TASK PROMPT - Beginning with the line that includes "喀纳斯景区游客越过河边警戒线拍照突遇凌汛 河道瞬时变宽 游客险被急流卷入" and ending with the last line of the entries below, set down each line exactly; include no pictures.
----
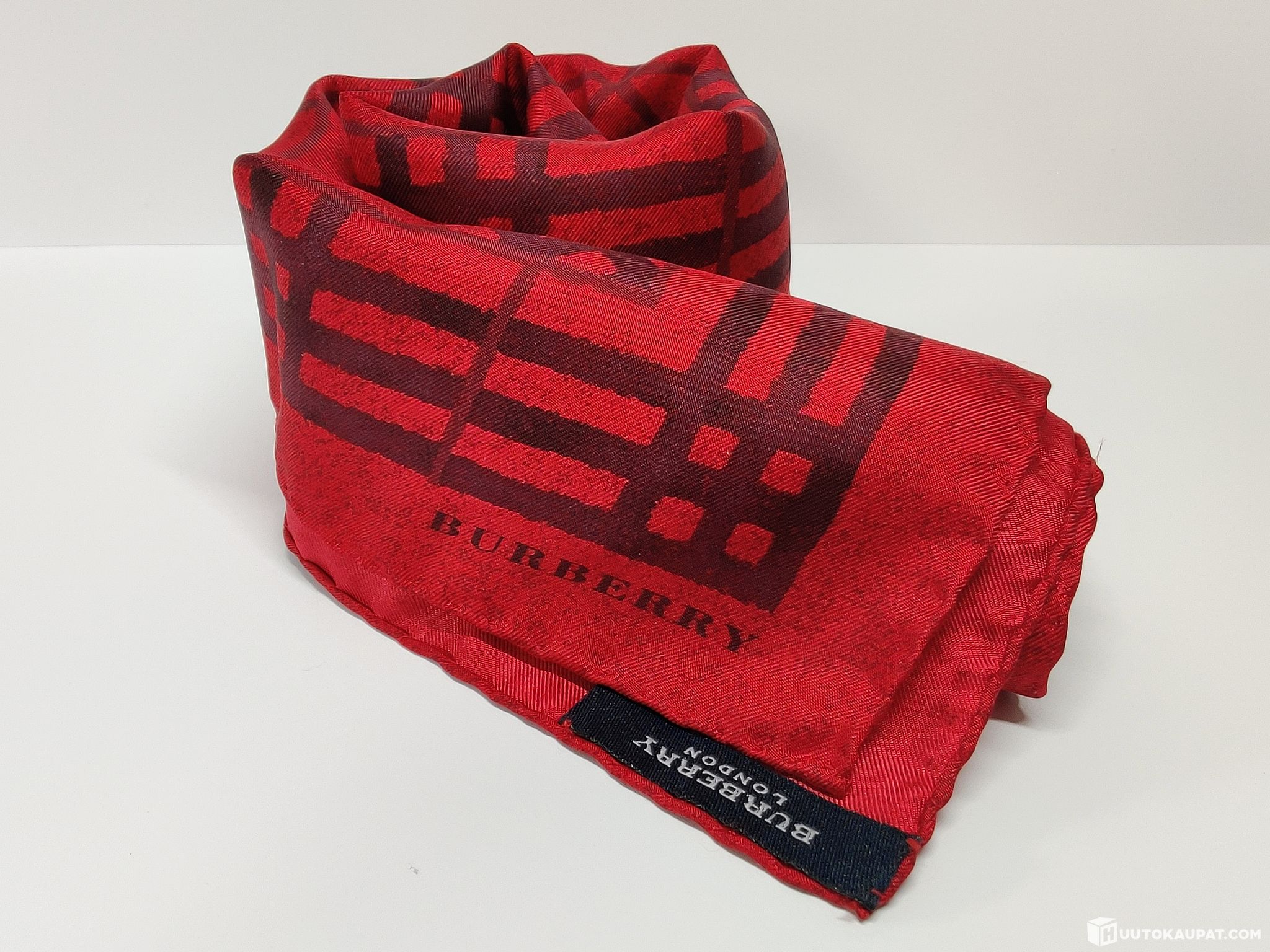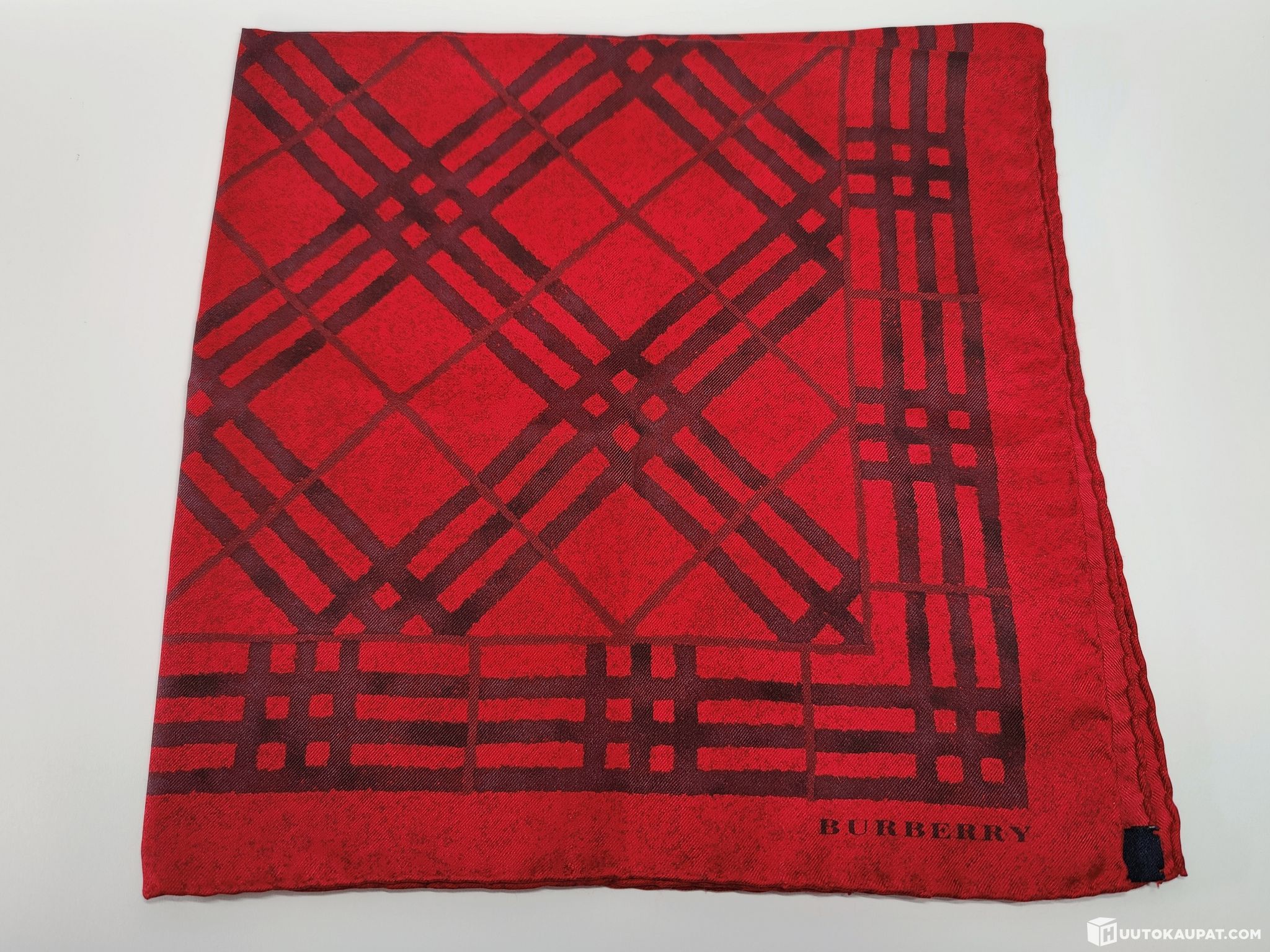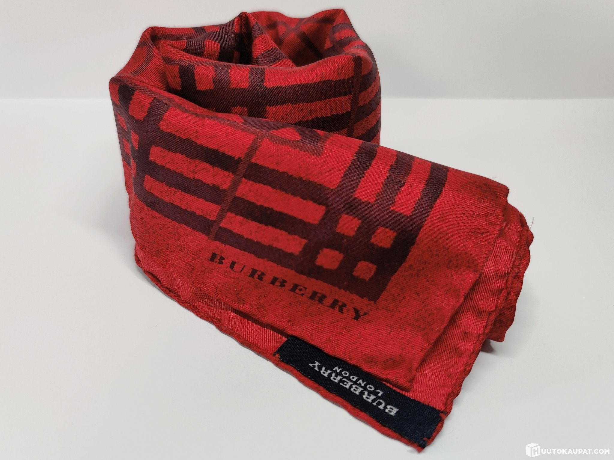 Stylish and timeless Burberry check-pattern silk scarf.
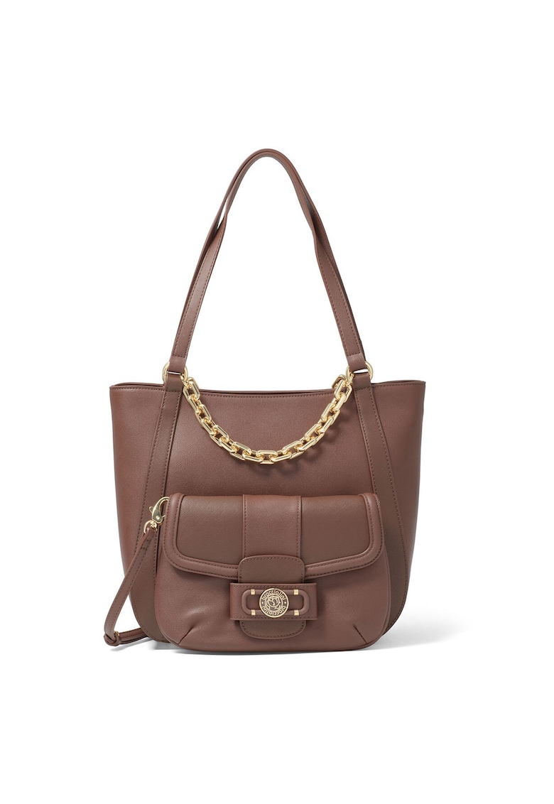 Caracteristici Culoare: maro Material: piele ecologica Model: de umar Stil: casual Imprimeu: uni Maner: 2 fixe Barete: lant Compartimente: unul principal Culoare elemente metalice: auriu Detalii: etui detasabil Compozitie Exterior: poliuretan
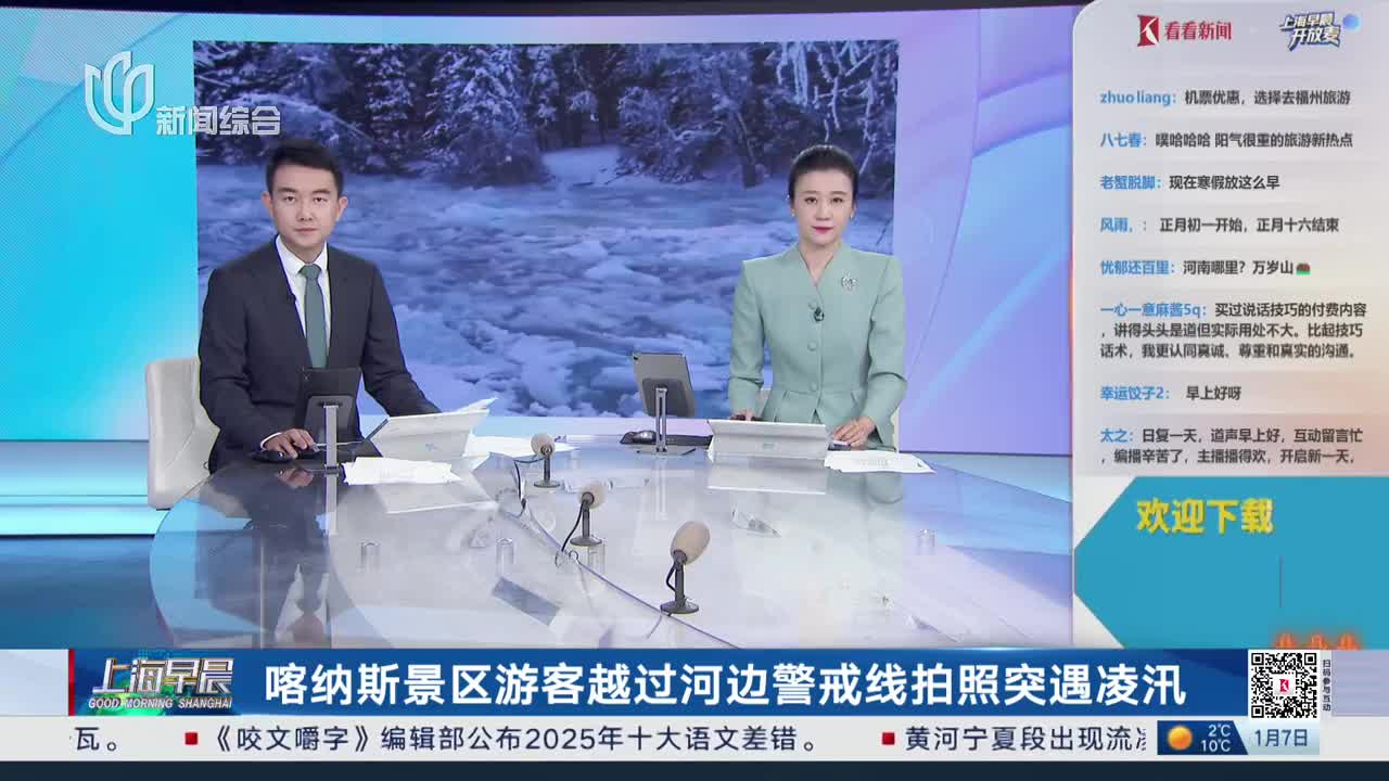 喀纳斯景区游客越过河边警戒线拍照突遇凌汛 河道瞬时变宽 游客险被急流卷入
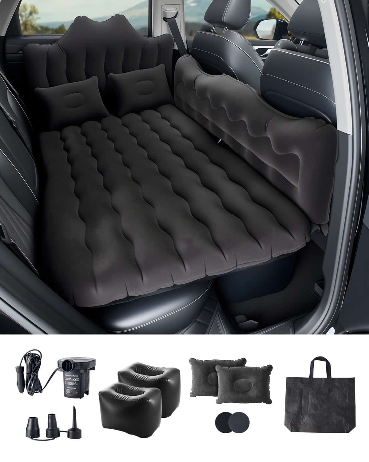 VEVOR Car Air Mattress, Inflatable Back Seat Car Camping Mattress, Flocking Travel Beds, Durable Portable Sleeping Pad with Air Pump, 2 Pillows, Nozzle, Carry Bag, Fits Most SUV MPV Sedan, Black
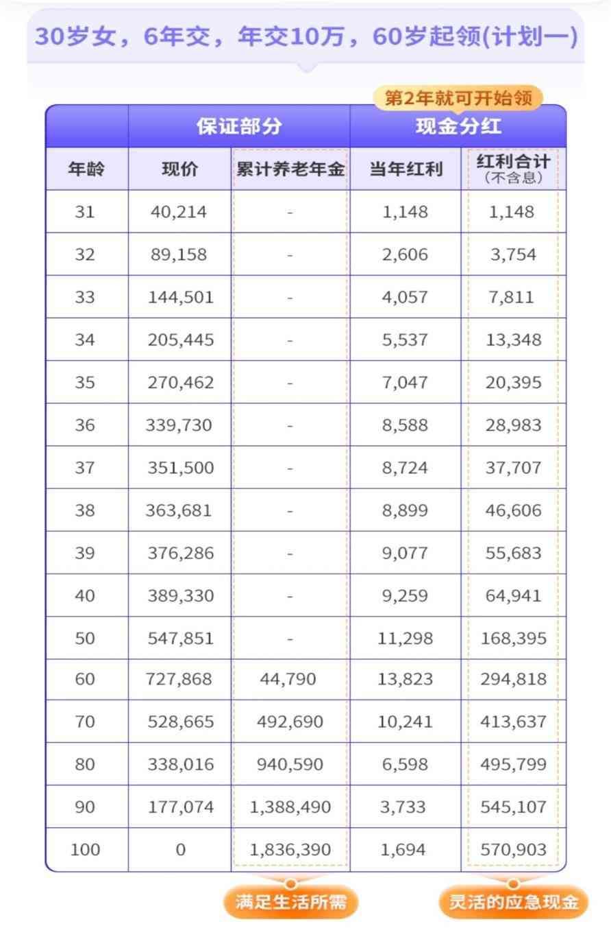 举个例子:30岁女性投保计划一,年交10万交6年,60岁起领
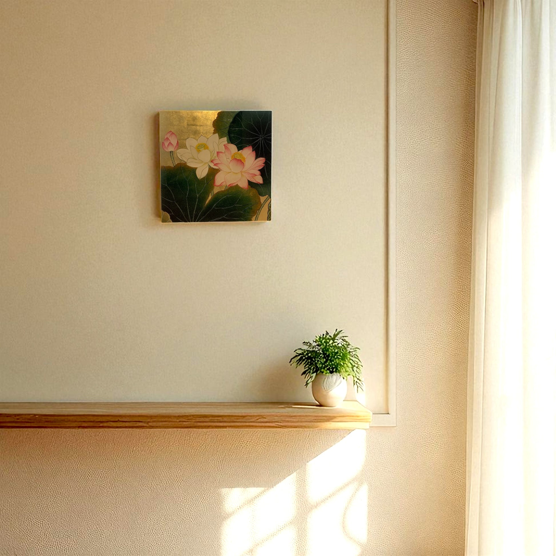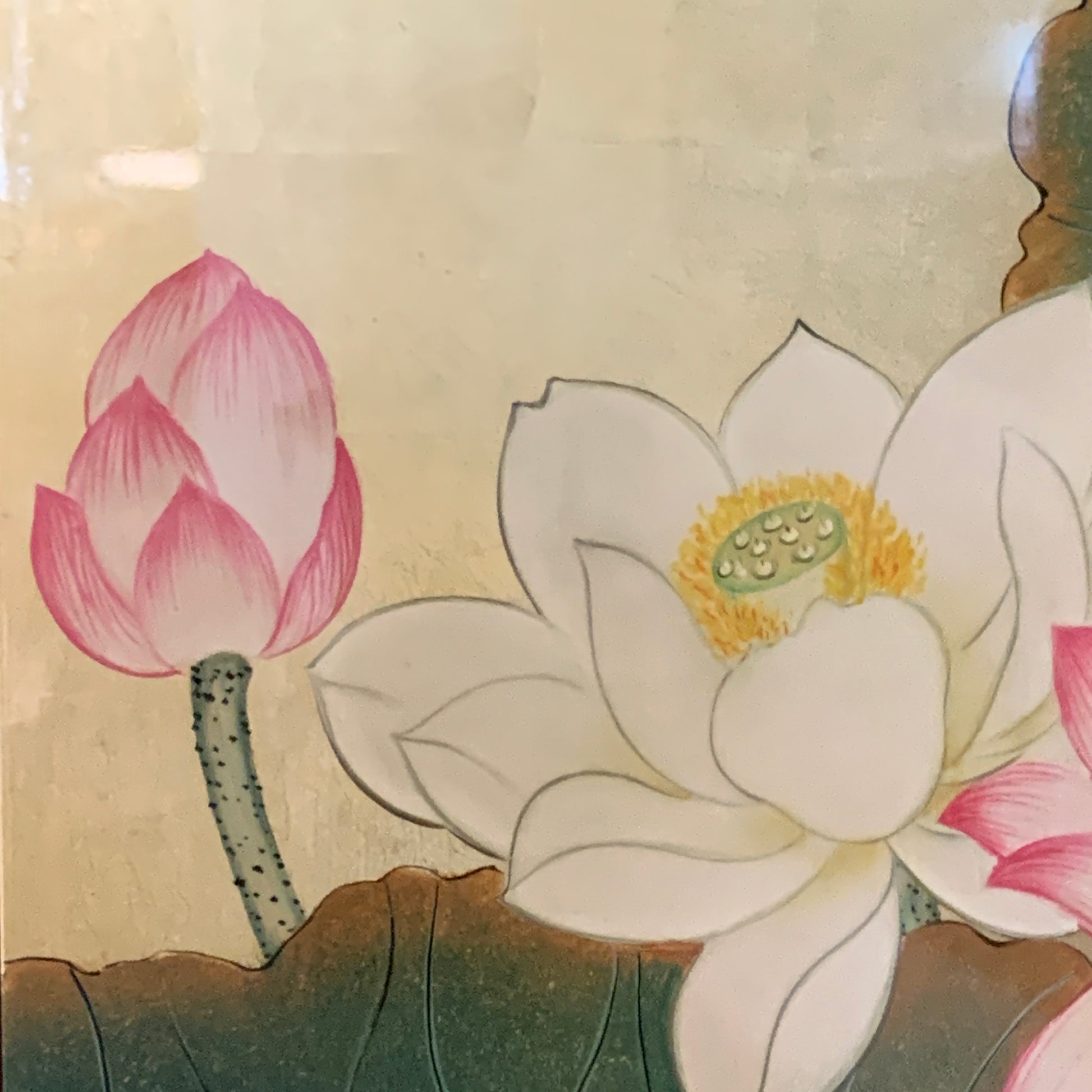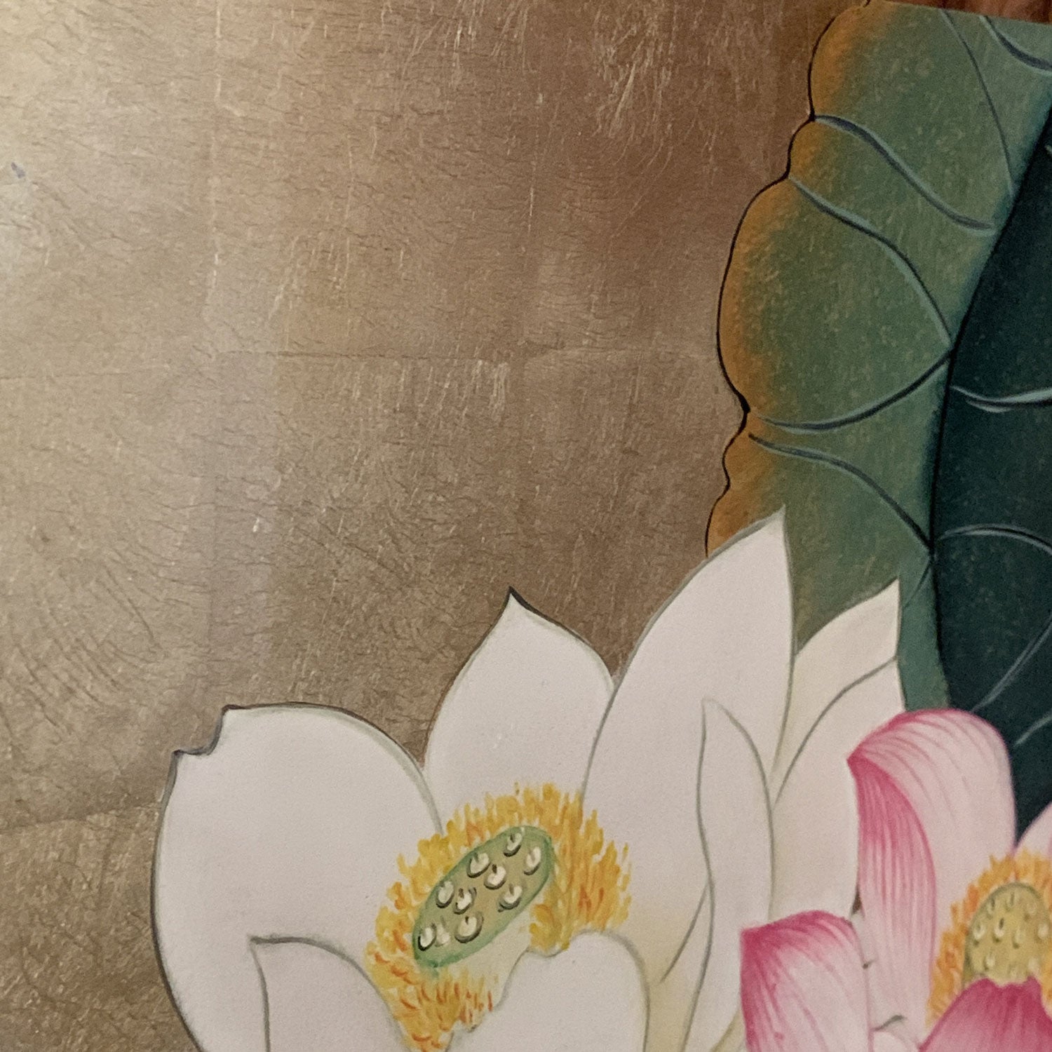 漆の上に ゴールドリーフ(金箔) を贅沢にあしらい、鮮やかな蓮(ロータス) を丁寧に手描きで表現しています。
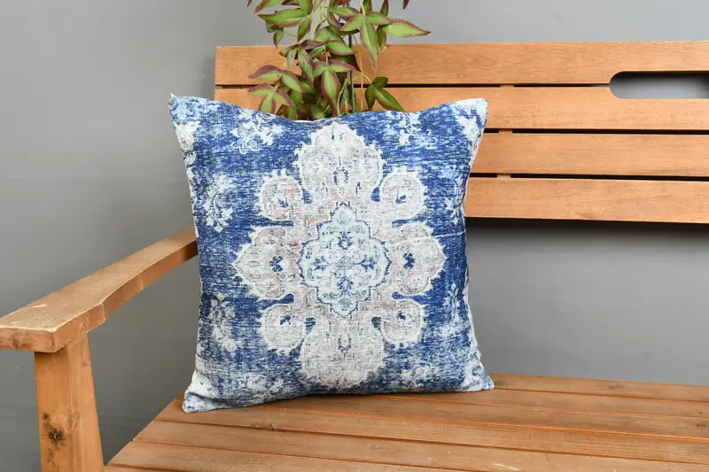 Handmade Blue Southwestern Throw Pillow, Vintage Embroidered Cushion
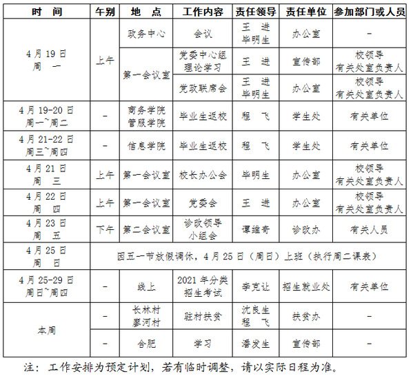 2020-2021学年第二学期第8周(4.19-4.25)工作安排
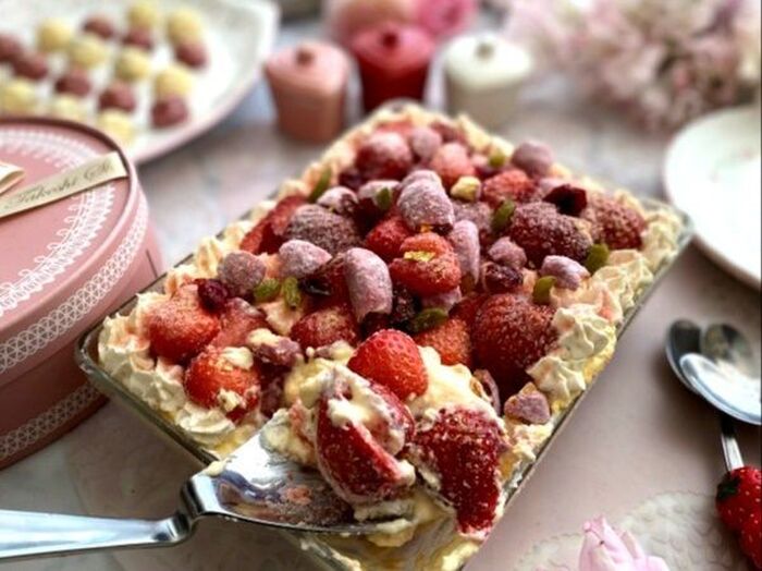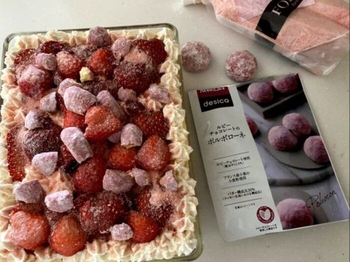 器の底に敷き詰め 3個のいちごを小さく切ってのせる
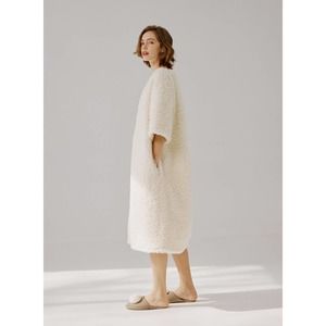 NAP Loungewear Teddy Fleece Cream fuzzy Midi Dress NWT size small loose fit
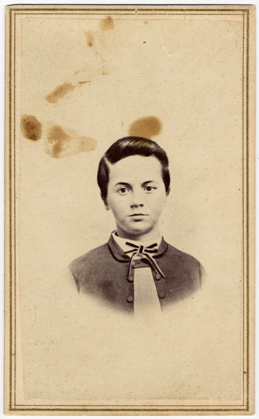 Portrait of a young boy with hair parted to the side and back, wearing a suit jacket, dress shirt and striped bow tie. Printed on photo back: "J.V. Cookingham, artist, Jackson, Mich."
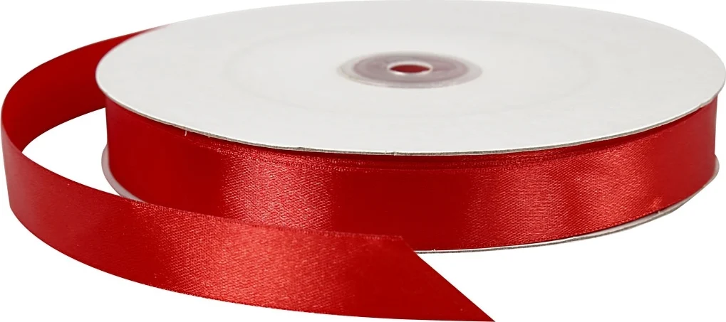 Med dette satinbånd i rød, får du et bånd som er 20 mm bred og 100 m langt.
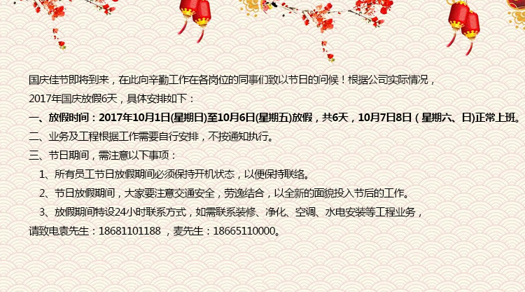 3、放假期間特設(shè)24小時(shí)聯(lián)系方式,如需聯(lián)系裝修、凈化、空調(diào)、水電安裝等工程業(yè)務(wù), 請(qǐng)致電袁先生:18681101188 ,麥先生:18665110000。
----
TASK SOLUTION -
 喀纳斯景区游客越过河边警戒线拍照突遇凌汛 河道瞬时变宽 游客险被急流卷入
 VEVOR Car Air Mattress, Inflatable Back Seat Car Camping Mattress, Flocking Travel Beds, Durable Portable Sleeping Pad with Air Pump, 2 Pillows, Nozzle, Carry Bag, Fits Most SUV MPV Sedan, Black
 举个例子:30岁女性投保计划一,年交10万交6年,60岁起领
 漆の上に ゴールドリーフ(金箔) を贅沢にあしらい、鮮やかな蓮(ロータス) を丁寧に手描きで表現しています。
 Handmade Blue Southwestern Throw Pillow, Vintage Embroidered Cushion
 2020-2021学年第二学期第8周(4.19-4.25)工作安排
 器の底に敷き詰め 3個のいちごを小さく切ってのせる
 NAP Loungewear Teddy Fleece Cream fuzzy Midi Dress NWT size small loose fit
 Portrait of a young boy with hair parted to the side and back, wearing a suit jacket, dress shirt and striped bow tie. Printed on photo back: "J.V. Cookingham, artist, Jackson, Mich."
 Med dette satinbånd i rød, får du et bånd som er 20 mm bred og 100 m langt.
 3、放假期間特設(shè)24小時(shí)聯(lián)系方式,如需聯(lián)系裝修、凈化、空調(diào)、水電安裝等工程業(yè)務(wù), 請(qǐng)致電袁先生:18681101188 ,麥先生:18665110000。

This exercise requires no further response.